INSTRUCTIONS FOR THE TASK
Please give again exactly the lines from the top of the material through the line with "de los pies."; omit each picture.

DATA BLOCK
============

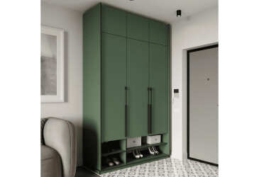- Moreli, ламінована ДСП, ламінована ДСП, штанга і полиці, мінімалізм, зелений димчастий, 3D.
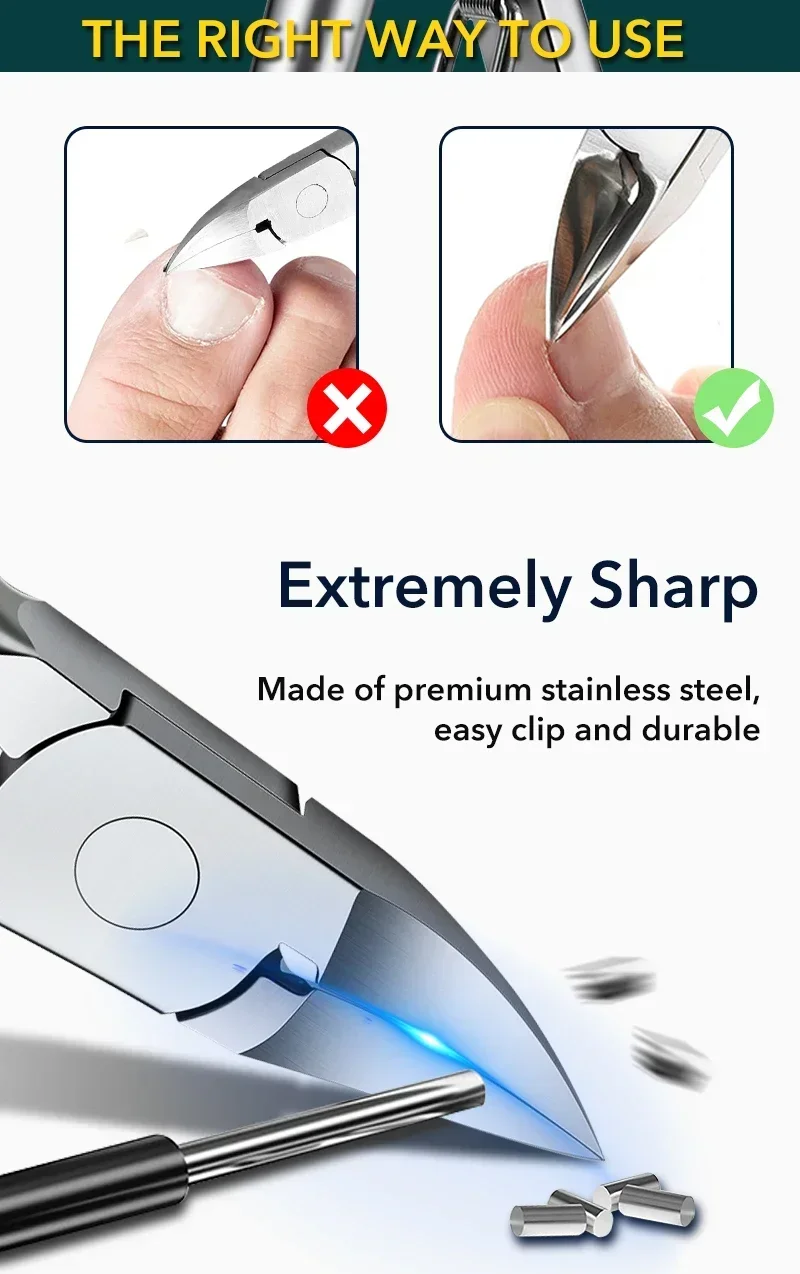 【Acero inoxidable de primera calidad】 Toda la parte metálica de nuestro cortador de uñas está hecha de acero quirúrgico 100% de grado dermatólogo para permitir una esterilización segura, prevenir la corrosión y minimizar el riesgo de infecciones.Además, el acero inoxidable de calidad profesional lo hace ideal para cortar cualquier tipo de uñas de los pies.
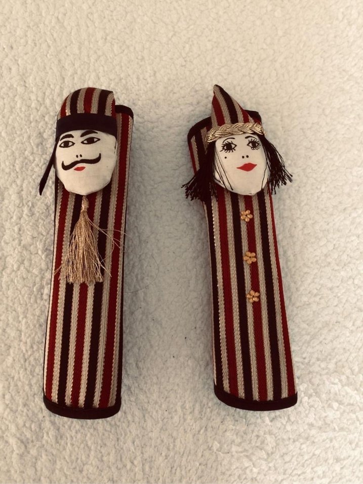 Bordo çizgili kumaştan yapılmış, yüz detayları olan iki bebek. Biri bıyıklı, diğeri uzun saçlıdır. Geleneksel el yapımı görünümde. Beyrut’tan alınmış içi süngerli dişi kımızı,lacivert,altın renkli kumaşla kaplı buzdolabı tutacağı yada başka bir amaçla kullanılacak Lübnan a özgü kadın ve erkek folklorik kıyafetli ürün.Hiç kullanılmamış,temiz ve sağlamdır.24 cm
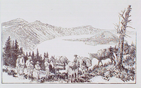 The John Wesley Hillman Party, with pack mules on the rim of Crater Lake on the day of its discovery, June 12, 1853. The party of prospectors erected a crude sign bearing their signatures, and named the majestic waters, "Deep Blue Lake."

============

SOLUTION TO THIS EXERCISE
- Moreli, ламінована ДСП, ламінована ДСП, штанга і полиці, мінімалізм, зелений димчастий, 3D.
 【Acero inoxidable de primera calidad】 Toda la parte metálica de nuestro cortador de uñas está hecha de acero quirúrgico 100% de grado dermatólogo para permitir una esterilización segura, prevenir la corrosión y minimizar el riesgo de infecciones.Además, el acero inoxidable de calidad profesional lo hace ideal para cortar cualquier tipo de uñas de los pies.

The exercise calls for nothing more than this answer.